Give the lines below again, exactly as they stand, and leave out the images.

● **The data**:
-=-=-=-=-
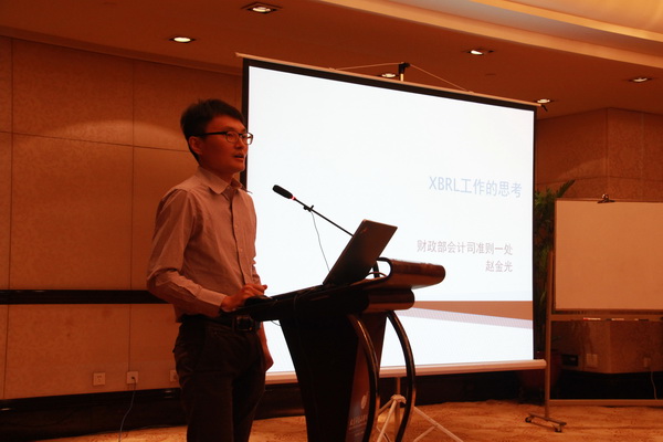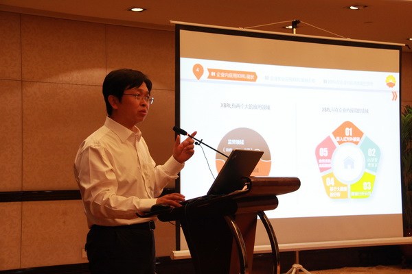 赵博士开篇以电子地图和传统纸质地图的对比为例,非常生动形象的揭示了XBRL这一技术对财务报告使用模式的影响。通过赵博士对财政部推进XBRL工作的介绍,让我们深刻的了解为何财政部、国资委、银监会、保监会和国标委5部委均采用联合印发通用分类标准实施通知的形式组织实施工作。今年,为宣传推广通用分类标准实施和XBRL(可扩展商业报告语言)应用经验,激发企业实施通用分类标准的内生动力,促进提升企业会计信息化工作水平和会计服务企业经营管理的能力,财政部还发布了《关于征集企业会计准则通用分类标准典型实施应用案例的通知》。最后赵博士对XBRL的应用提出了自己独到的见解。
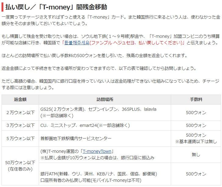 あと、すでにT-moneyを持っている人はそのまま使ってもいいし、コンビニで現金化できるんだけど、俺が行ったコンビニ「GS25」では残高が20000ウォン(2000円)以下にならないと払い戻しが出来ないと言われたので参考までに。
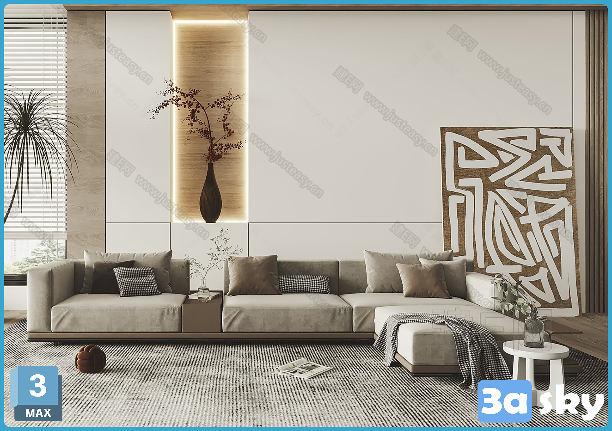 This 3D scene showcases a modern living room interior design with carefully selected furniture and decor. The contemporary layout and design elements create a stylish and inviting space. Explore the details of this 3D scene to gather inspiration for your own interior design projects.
-=-=-=-=-
● **Result of the task**:
 赵博士开篇以电子地图和传统纸质地图的对比为例,非常生动形象的揭示了XBRL这一技术对财务报告使用模式的影响。通过赵博士对财政部推进XBRL工作的介绍,让我们深刻的了解为何财政部、国资委、银监会、保监会和国标委5部委均采用联合印发通用分类标准实施通知的形式组织实施工作。今年,为宣传推广通用分类标准实施和XBRL(可扩展商业报告语言)应用经验,激发企业实施通用分类标准的内生动力,促进提升企业会计信息化工作水平和会计服务企业经营管理的能力,财政部还发布了《关于征集企业会计准则通用分类标准典型实施应用案例的通知》。最后赵博士对XBRL的应用提出了自己独到的见解。
 あと、すでにT-moneyを持っている人はそのまま使ってもいいし、コンビニで現金化できるんだけど、俺が行ったコンビニ「GS25」では残高が20000ウォン(2000円)以下にならないと払い戻しが出来ないと言われたので参考までに。
 This 3D scene showcases a modern living room interior design with carefully selected furniture and decor. The contemporary layout and design elements create a stylish and inviting space. Explore the details of this 3D scene to gather inspiration for your own interior design projects.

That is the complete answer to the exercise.